Table 3. Data set overview.
| Data set | Features | Samples | Normalisation method |
|---|---|---|---|
| Leukemia MILE study | 67191 | 2095 | 1 |
| Normal human hematopoiesis with AMLs | 67191 | 296 | 1,7 |
| Immgen Key populations | 47273 | 256 | 2 |
| AML versus normal | 67191 | 252 | 3 |
| AML TCGA data set | 67191 | 244 | 1 |
| AML TCGA data set versus normal | 67191 | 244 | 3 |
| AML Normal Karyotype | 54675 | 234 | 1 |
| AML Normal Karyotype versus normal | 67191 | 234 | 3 |
| Normal human hematopoiesis (DMAP) | 35459 | 211 | 4 |
| Immgen abT cells | 47273 | 190 | 2 |
| Immgen Dentritic cells | 47273 | 151 | 2 |
| Immgen MFs Monocytes Neutrophils | 47273 | 114 | 2 |
| Immgen B cells | 47273 | 103 | 2 |
| Normal human hematopoiesis (HemaExplorer) | 57270 | 77 | 5 |
| Immgen gdT cells | 47273 | 76 | 2 |
| Immgen Stem and progenitor cells | 47273 | 76 | 2 |
| Mouse normal hematopoietic system | 57613 | 67 | 4 |
| Immgen Activated T cells | 47273 | 55 | 2 |
| Immgen NK cells | 47273 | 47 | 2 |
| Immgen Stromal cells | 47273 | 39 | 2 |
| Mouse normal (RNA seq) | 45426 | 52 | 6 |
| BloodPool | 67191 | 2120 | 1,7 |
| BloodPool versus normal | 67191 | 2076 | 3,7 |
Normalisation method legend:
1 Each cancer sample is normalised together with a set of samples from sorted normal myeloid populations. All samples where normalised using RMA. Comparison of gene expression values is not possible with other data sets in Bloodspot.
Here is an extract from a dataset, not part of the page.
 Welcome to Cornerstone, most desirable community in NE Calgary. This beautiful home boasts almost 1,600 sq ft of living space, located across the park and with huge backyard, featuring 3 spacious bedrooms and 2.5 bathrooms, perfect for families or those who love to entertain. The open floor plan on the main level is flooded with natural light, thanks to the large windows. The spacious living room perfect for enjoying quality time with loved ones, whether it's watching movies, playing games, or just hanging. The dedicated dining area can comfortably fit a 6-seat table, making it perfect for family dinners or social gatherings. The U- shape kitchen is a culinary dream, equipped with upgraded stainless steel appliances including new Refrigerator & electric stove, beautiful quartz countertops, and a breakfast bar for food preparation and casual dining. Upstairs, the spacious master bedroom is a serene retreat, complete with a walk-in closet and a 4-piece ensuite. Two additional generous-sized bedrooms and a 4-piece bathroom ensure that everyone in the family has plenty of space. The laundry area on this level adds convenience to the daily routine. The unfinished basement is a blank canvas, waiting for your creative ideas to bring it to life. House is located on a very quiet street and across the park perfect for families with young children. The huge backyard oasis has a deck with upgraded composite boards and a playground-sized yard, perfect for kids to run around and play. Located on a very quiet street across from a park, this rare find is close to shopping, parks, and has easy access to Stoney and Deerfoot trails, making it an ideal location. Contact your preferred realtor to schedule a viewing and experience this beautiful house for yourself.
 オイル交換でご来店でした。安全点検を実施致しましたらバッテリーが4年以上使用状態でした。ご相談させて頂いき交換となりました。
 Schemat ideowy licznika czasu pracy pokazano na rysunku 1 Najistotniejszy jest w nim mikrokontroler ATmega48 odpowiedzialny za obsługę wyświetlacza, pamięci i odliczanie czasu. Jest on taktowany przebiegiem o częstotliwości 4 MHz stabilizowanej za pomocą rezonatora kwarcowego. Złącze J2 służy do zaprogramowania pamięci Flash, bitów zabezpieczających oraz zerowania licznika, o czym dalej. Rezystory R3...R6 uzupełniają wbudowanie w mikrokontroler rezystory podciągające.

2 All samples from the ImmGen data sets were normalised together with RMA. Samples were subsequently attributed to the different data sets in BloodSpot. This means that comparison of gene expression values is possible across all ImmGen data sets.
3 The data are normalised according to Rapin et al. Briefly, each cancer sample is normalised together with a set of samples from sorted normal myeloid populations. Next, using a PCA-based method, the 5 closest normal samples from the cancer sample are averaged and this computed normal sample are next compared to the cancer sample allowing for computation of gen expression fold changes. See Supplementary Methods and Rapin et al. (10).
4 All sampleswhere
normalised using RMA. Comparison of gene expression values is not possible with other datasets in Bloodspot.
5
See our previous work (Bagger et al. (3)).
6 The data were processed using the bcbio nextgen RNA-seq pipeline. Count data were subsequently processed with DESeq2's variance stabilising transformation method.
7 The data was batch corrected using ComBat, taking study number as batch.